Although protests do take place, the freedom of peaceful assembly is significantly compromised in Maldives. In 2015, hundreds of opposition party supporters staging peaceful protests were arrested and released with no charge after days and in some cases weeks, some on the condition that they would not participate in future protests. A state of emergency was also declared on 4th November 2015, effectively banning all protests. In 2012, the security forces attacked peaceful protestors at a rally using excessive force and seriously injuring protestors. Security forces are also known to use pepper spray on protestors especially those of the opposition party Maldivian Democratic Party. Once such incident took place in 2012 when a protester was stabbed and the party offices destroyed. The Freedom of Peaceful Assembly Act was also recently amended with all protests now requiring prior permission from the state.


Expression

Free expression is not fully protected in practice in Maldives, with journalists receiving death threats and being harassed without meaningful investigations being carried out.

Free expression is not fully protected in practice in Maldives, with journalists receiving death threats and being harassed without meaningful investigations being carried out. In 2015, the Public Service Media Act was passed but was seen as an attempt to turn the public broadcaster into a mouthpiece of the state. The situation deteriorated further in 2016 with the introduction of the Protection of Reputation and Good Name and Freedom of Expression Act, which criminalised speech seen as defamatory. The law also imposes hefty fines or jail terms for defamation. Reporters are mandated by law to have accreditation to cover protests, while journalists face routine harassment and arrests by the state leading to self-censorship.

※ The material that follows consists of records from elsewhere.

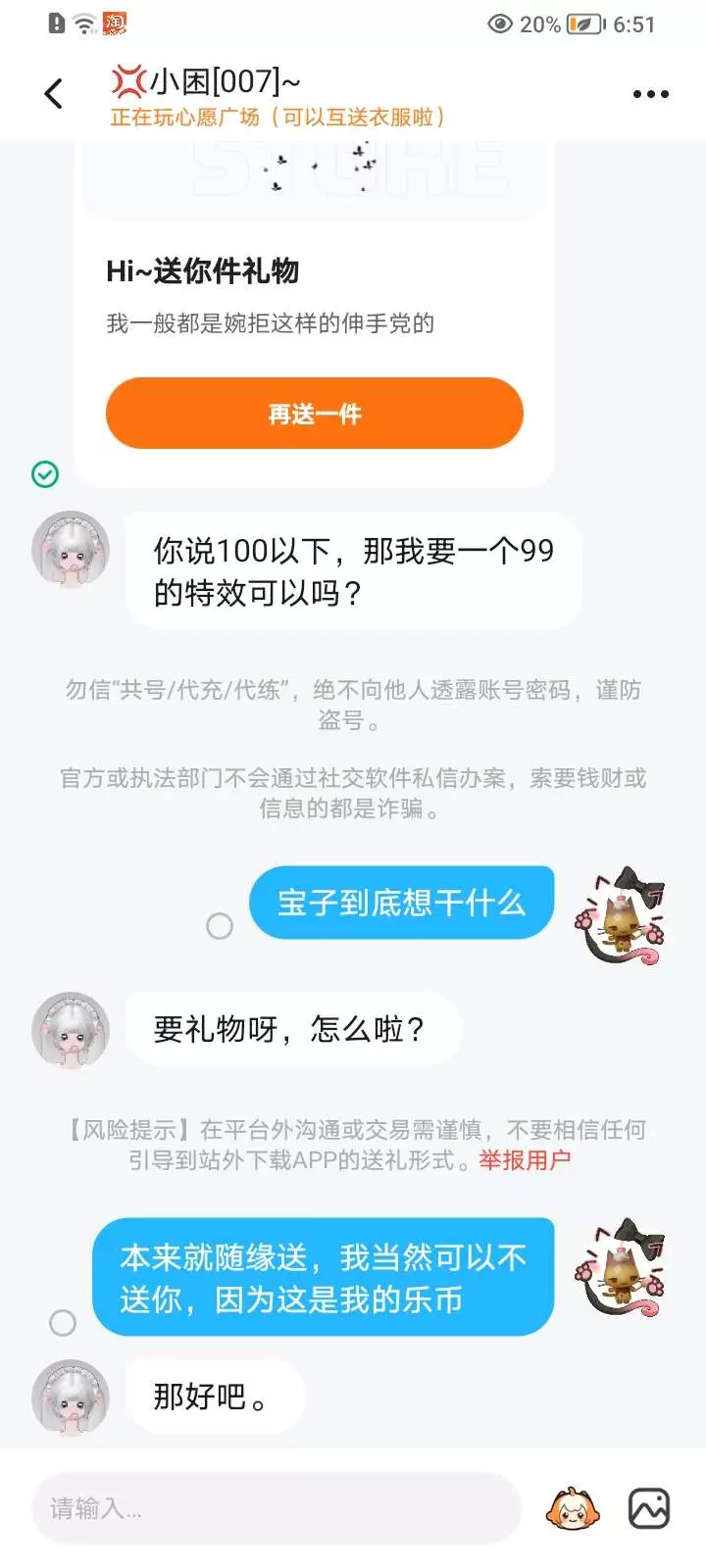 虽然说最后也是甩下一个“那好吧”这种勉强的令我不爽的语气就走了,这种三次索要的行为已经让我非常恶心(并且在心愿广场中我看到ta的发言,似乎是关于网卡ta走不了,于是直接打出别人的名字,并且让别人把ta挪到一边,语气中也没有礼貌用词而是像在直接命令别人)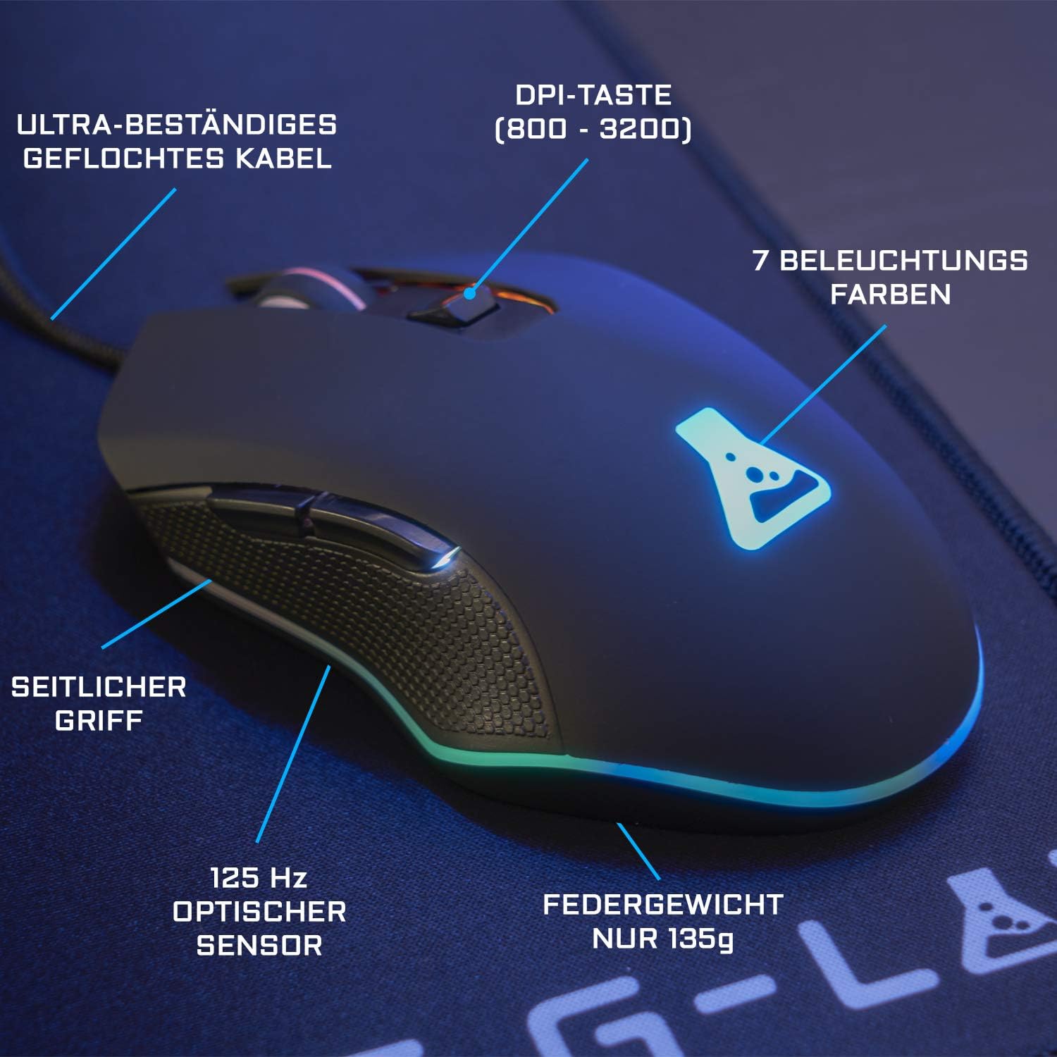 • Ултра-реактивна мишка с подсветка. Кабелна USB геймърска мишка с висока прецизност и по-отзивчив оптичен сензор, отлична за всякакви игри. Чувствителност, регулируема от 1200 до 3200 DPI. Ярка подсветка в 4 различни цвята, по един за всяко ниво на DPI. Честота на опресняване 125 Hz, изключително издръжлив оплетен кабел. Ергономичен дизайн, удобен захват за всички размери ръце. Лека геймърска мишка с тегло само 153 грама.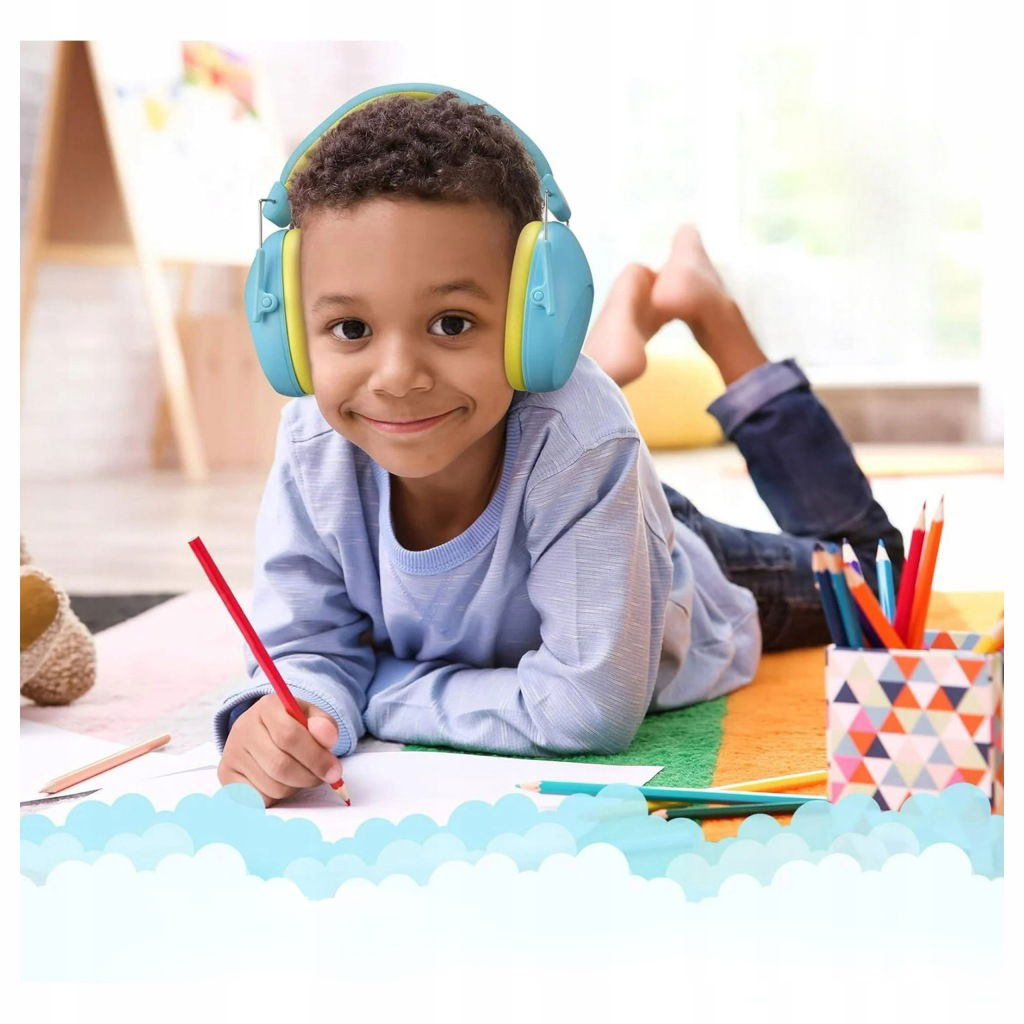 ➡️ PRZYJAZNE KOLORY – połączenie pastelowego niebieskiego i żółtego tworzy atrakcyjną stylistykę, która zachęca dziecko do noszenia słuchawek w różnych sytuacjach.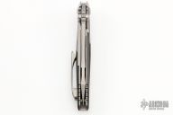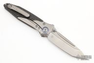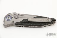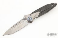 This Socom Bravo by Microtech is made in China by Rike Knife, it features a bead blasted blade, notched thumbrest, and dual thumbstuds. The handle has bead blasted titanium bolsters/liners, blue anodized pivot collars, carbon fiber scales. Tip up carry bead blasted titanium clip. Bead blasted titanium backspacer. Dated 05/2022 and s/n 1391. Comes with original box and papers. Excellent condition.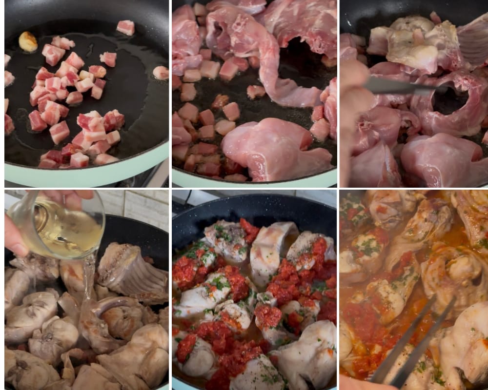 • Wir schneiden den Pancetta in Würfel und lassen ihn in einem Topf mit etwas Öl anbraten, fügen die Kaninchenstücke hinzu, und lassen sie von allen Seiten goldbraun werden. Dann fügen wir den Wein hinzu und lassen ihn verdunsten, würzen mit Salz und Pfeffer und geben die Tomaten hinzu. Wir decken das Gefäß ab und lassen es bei schwacher Hitze 45 Minuten kochen.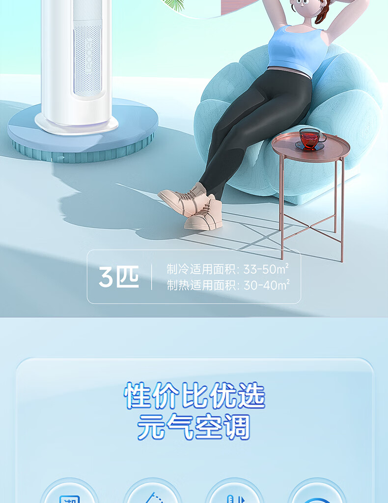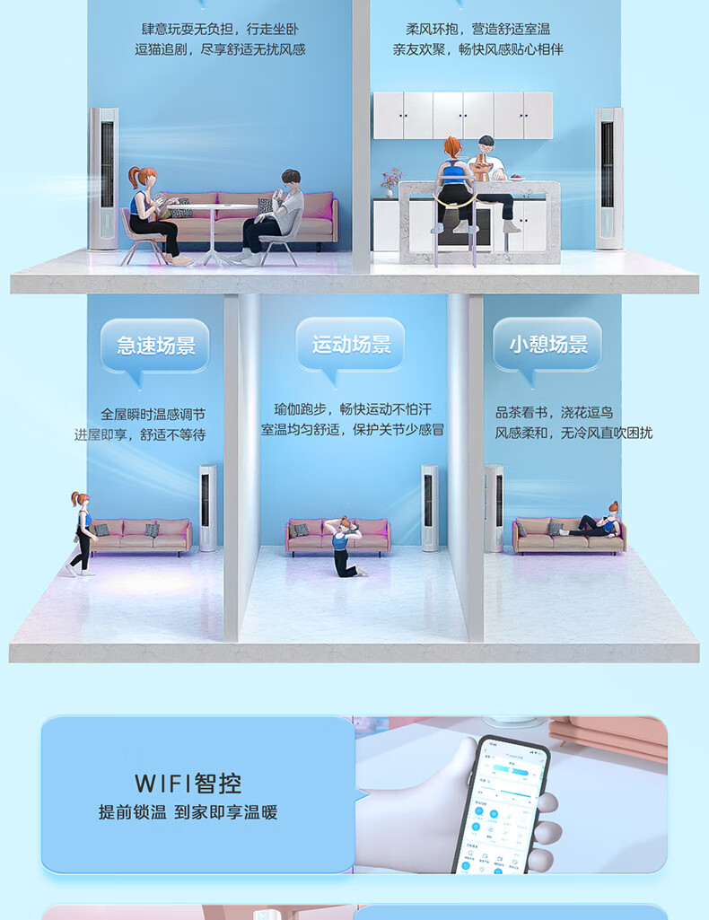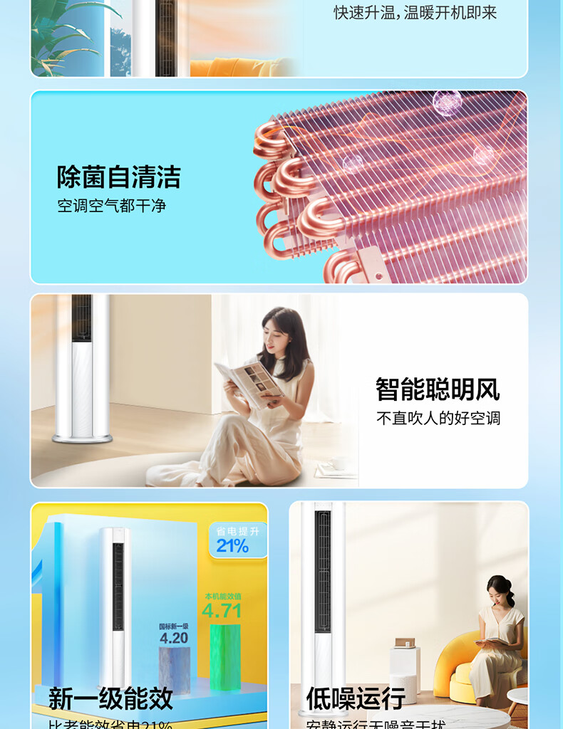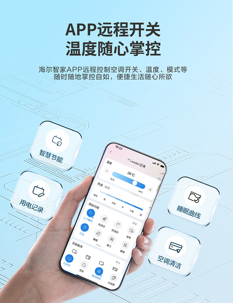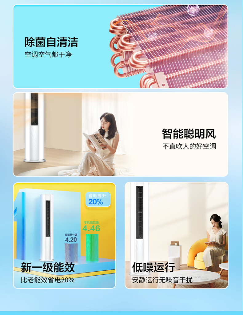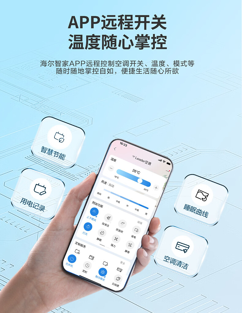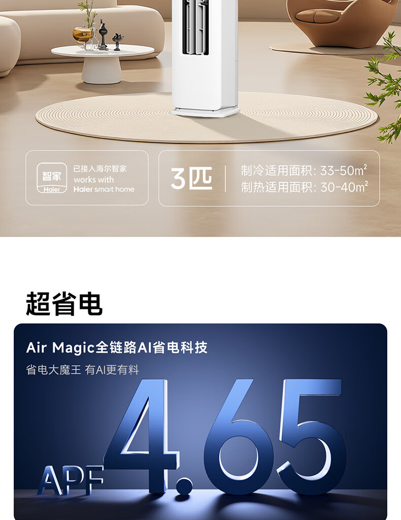 Leader Haier Smart Home produces air conditioner frequency conversion first-level energy efficiency healthy self-cleaning one-click WiFi intelligent control home heating and cooling living room cabinet air conditioner first-level energy efficiency AI power-saving self-cleaning large air volume cabinet air conditioner 3 HP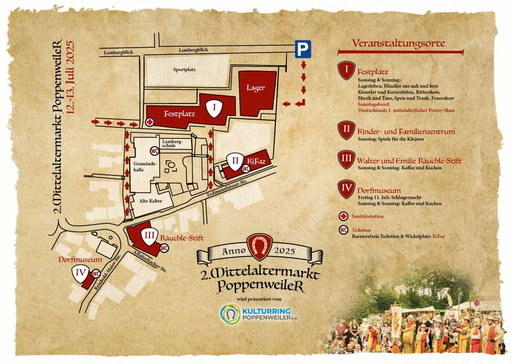 Der Mittelaltermarkt findet auf dem Festplatz statt, dieser befindet sich hinter der Lembergschule, Erdmannhäuser Straße 1

In 2012, blogger Ismail Khilath Rasheed was attacked and detained for organising a peaceful protest for religious tolerance. The 2014 disappearance of prominent journalist Ahmed Rilwan Abdulla, whose whereabouts remain unknown, continue to cast a shadow over press freedom in Maldives. His colleagues’ efforts to find him, including a press conference and a rally to mark one year since his disappearance, were disrupted by security forces. In 2016, a documentary exposing government corruption entitled ‘Stealing Paradise’ aired on Al Jazeera. Shortly afterwards, the editor of the Maldives Independent newspaper, Zaheena Rasheed, who featured in the documentary, had to flee the country due to concerns for her safety. Also in 2016, 16 journalists were arrested for staging a peaceful sit-in outside the President’s office.